We can just expand the definition of disabled (temp or permanent) to include these situations. In fact this SHOULD have been the solution to preexisting conditions in the first place. I would rather the government directly reimburse healthcare providers to care for the chronically ill than give private insurance companies an excuse to raise premiums on many individual policyholders on top of receiving government subsidies. If these people have resources, then the government can collect an additional “health tax” from these people rather than forcing them to spend all their resources before they can access Medicaid.
That's not what the government does. Sounds like you may not be very familiar with how the ACA works?
3) With the California bill, it was criticized for being poorly written and did not address financing or how CA would continue to get Medicaid funding. House Speaker Rendon did not consider it a serious bill.
It was not "poorly written", but it did not include the funding mechanism. That's true. That was/is to be a separate initiative (and, most likely, would require a ballot initiative for a Const. Amendment to roll back Prop 98 in some fashion.) That said, Rendon has very close ties to the insurance and pharmaceutical industry that places his judgement in question.
Also, grating universal healthcare to undocumented immigrants is a really nice but stupid idea.

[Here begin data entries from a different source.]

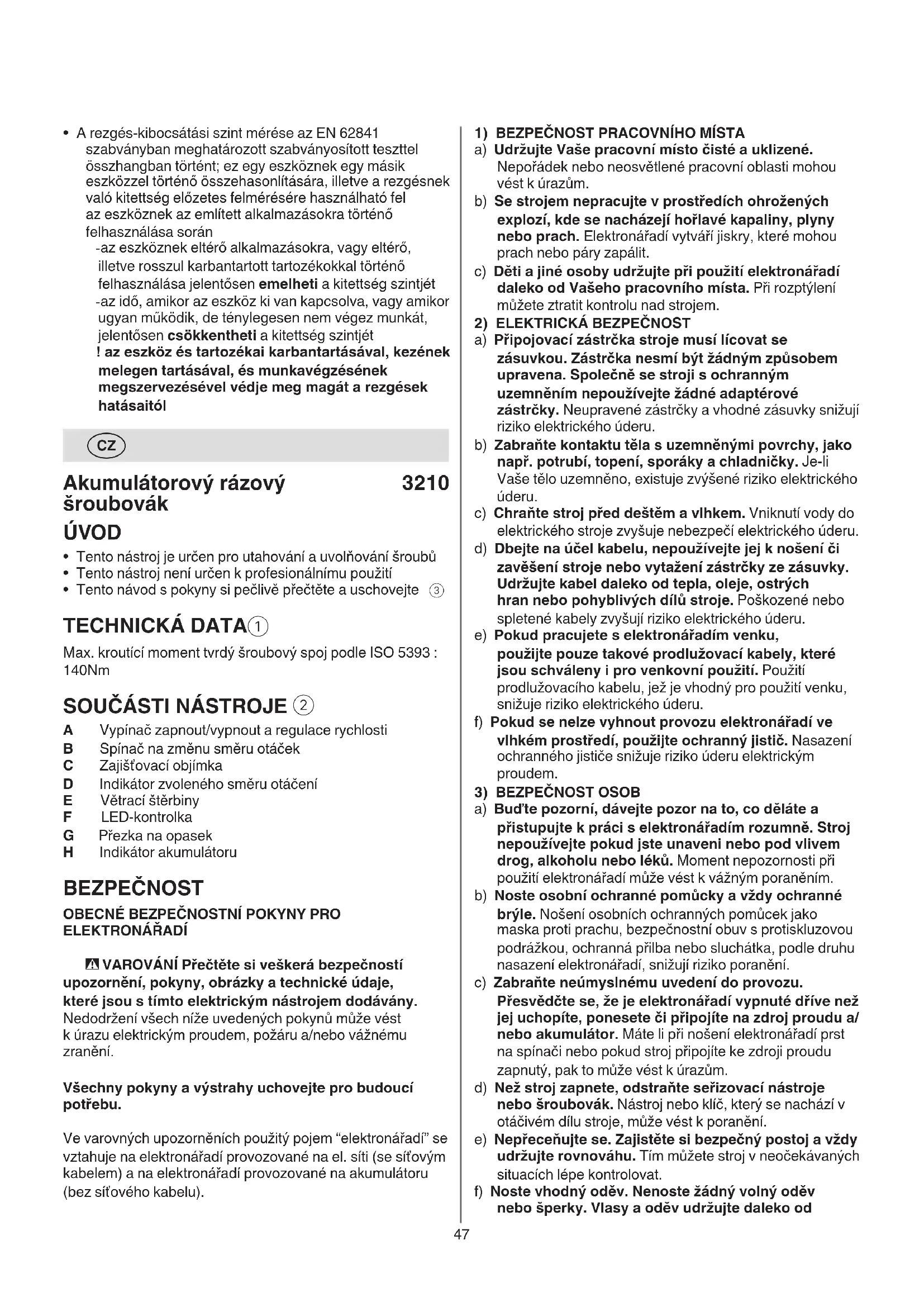ELEKTRONÁŘADÍ - VAROVÁNÍ Přečtěte si veškerá bezpečností upozornění, pokyny, obrázky a technické údaje, které jsou s tímto elektrickým nástrojem dodávány. Nedodržení všech níže uvedených pokynů může vést k úrazu elektrickým proudem, požáru a/nebo vážnému zranění. Všechny pokyny a výstrahy uchovejte pro budoucí potřebu. Ve varovných upozorněních použitý pojem “elektronářadí” se vztahuje na elektronářadí provozované na el. síti (se síťovým kabelem) a na elektronářadí provozované na akumulátoru (bez síťového kabelu).48 vnikne do očí, navštivte navíc i lékaře. Vytékající akumulátorová kapalina může způsobit podráždění pokožky nebo popáleniny. e) Nepoužívejte akumulátor nebo nářadí, které jsou poškozené nebo upravené. Poškozené nebo upravené akumulátory se mohou chovat nepředvídaně a způsobit požár, výbuch nebo poranění. f) Nevystavujte akumulátor nebo nářadí ohni nebo nadměrné teplotě. Vystavení ohni nebo teplotě nad 130°C může způsobit výbuch. g) Dodržujte všechny pokyny pro nabíjení a nenabíjejte akumulátor nebo nářadí mimo teplotní rozsah uvedený v pokynech. Nesprávné nabíjení nebo nabíjení při teplotách mimo uvedený rozsah může poškodit akumulátor a zvýšit riziko požáru.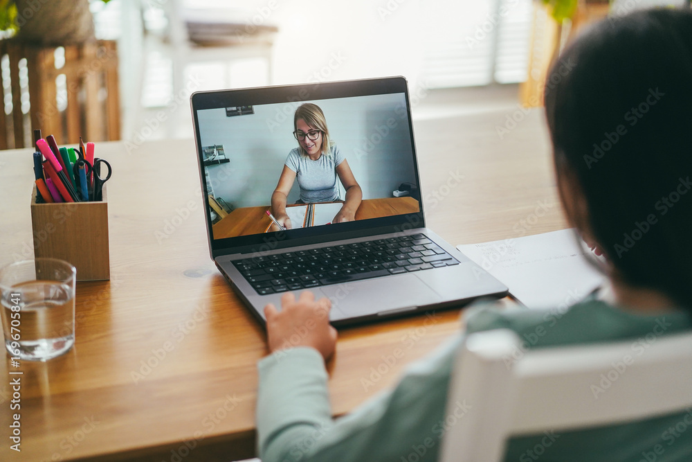 Female kid doing private class before going back to school - Education and teenager lifestyle concept - Main focus on woman teacher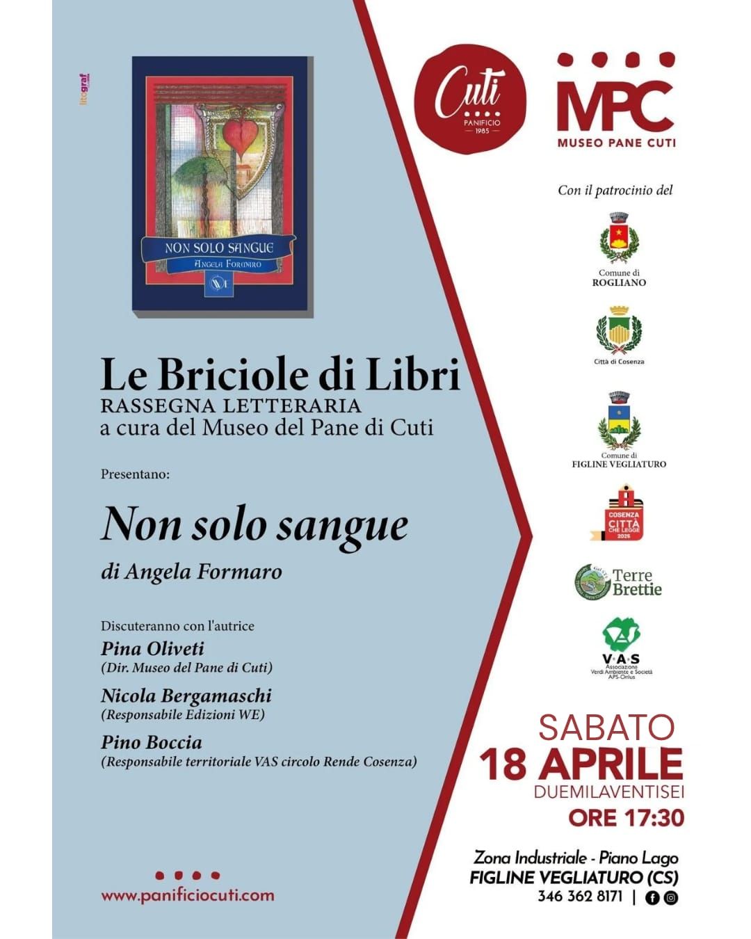 Sabato 18 aprile, alle ore 17.30, al Museo del Pane di Cuti, nella zona industriale di Piano Lago, a Figline Vegliaturo, si terrà la presentazione del libro “Non solo sangue” di Angela Formaro nell’ambito della rassegna letteraria “Le briciole di libri” a cura dello stesso Museo.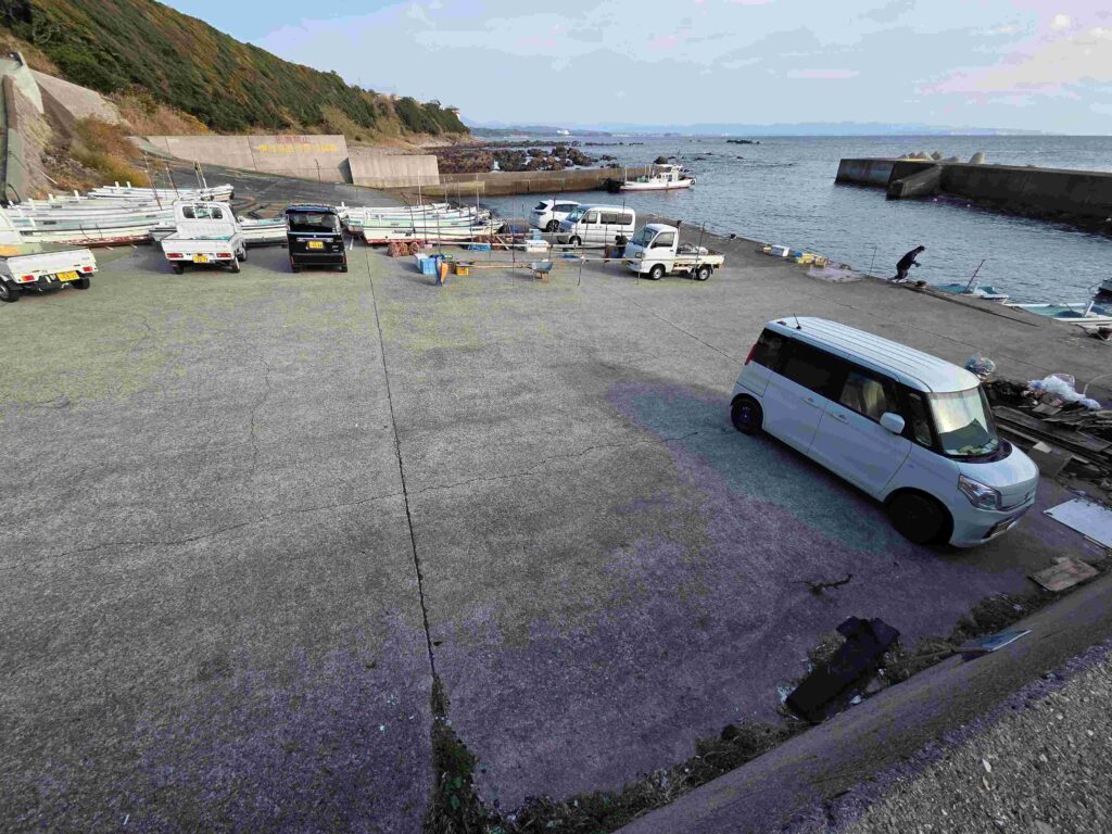 大きな漁港ではないが、ある程度の車を止めれるスペースはありますので、できる限り詰めて駐車しよう。特に厳格なルールはないけど、船頭さんたちの指示があればそれに従おう。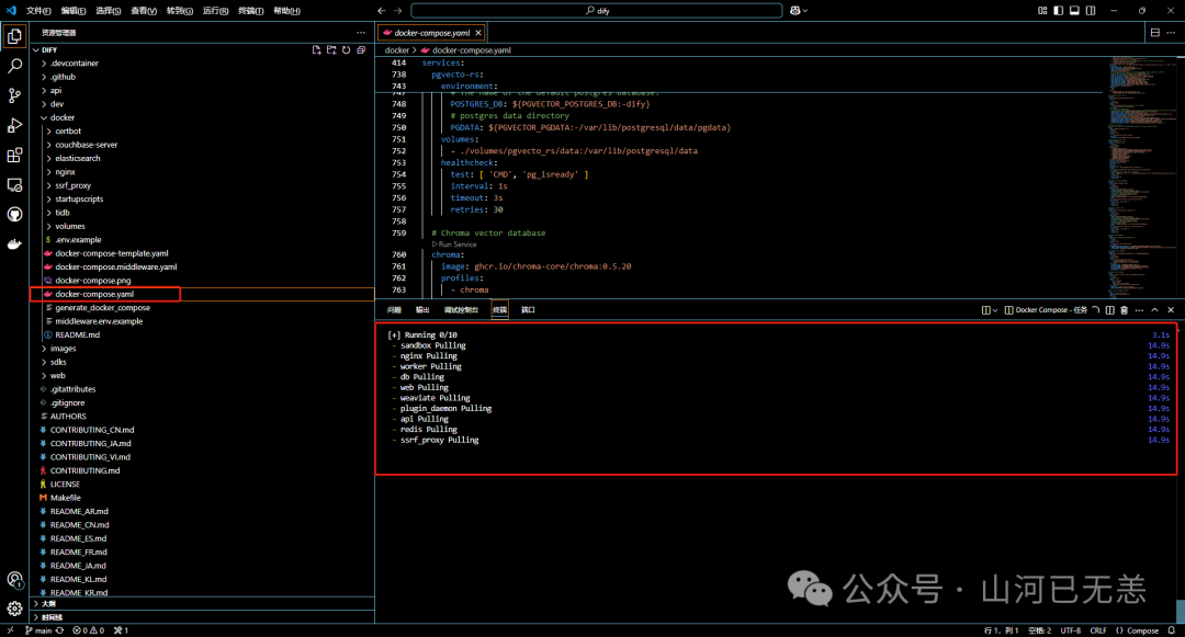 这里需要说明一下,有些 docker-compose 维护不及时,可能部署有问题,所以我们用 readme 推荐的方式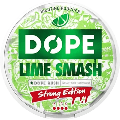 DOPE Lime Smash från varumärket DOPE är vitt snus med extra stark styrka och med citrus smak. DOPE Lime Smash kommer i slim format och varje dosa rymmer 22 portioner. DOPE är tillverkat av Consumer Brands International.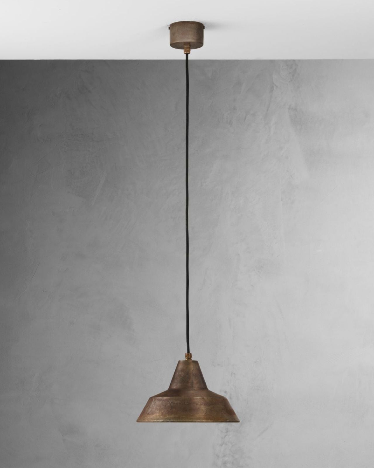 Enhance your space with this rustic Italian made disc pendant. Exuding Italian artisan craftsmanship, style and quality, this pendant and its fitting is specially treated with accelerated oxidation that produces an aged finish commonly referred to as an "antique" style.

I don't know that the CA proposal does that. I don't much care if it does, however. I'm in favor of less sickness and misery and death. Whether someone was lucky enough to win the geographical jackpot at birth means little to me. Given your previous claims at being considered about death to foreign nationals via U.S. empire, it's somewhat suprising you have a completely contradicatory position on this matter. But, then again, so does Alex Jones. So maybe it's just a coincidence that you share his hypocrisy?
You are basically inviting a tidal wave of illegal immigration to the state to access such services.
Okay. I'll look forward to meeting them!
Right now undocumented people can qualify only for restricted Medicaid services, not full scope coverage. You could say that only people present when the law passes are covered, but then you are creating another group of second class people who come later and it is really hard to justify such a policy except to say we don't want to bankrupt the program or create backlogs to access services. However, that then begs the question of why any undocumented immigrants should be given coverage at all if we are concerned about the long-term viability of the program and protecting legally recognized citizens and residents.
The more immigrants (undocumented or otherwise), the better it is for our economy. I see no reason that allowing them the same human right of good health that citizens would receive under such a plan as any kind of harm to the viability of such a plan. As to this wave of undocumented immigrants you believe would occur because of health care for all, you'll have to explain why they would want to leave a country where they already have exactly that to come here for the same thing.
I don’t know if you have kids, but some people might ask why an unemployed 25 year old man with no health problems who came to California illegally a couple years prior should receive the same access to health services as a California born baby or someone who lived and worked and paid taxes there for years?
Because that California born baby has no more of a "right" to live a healthy happy life than anybody else. Unless, of course, one prefers to hide their racism beneath false patina of phony "patriotism".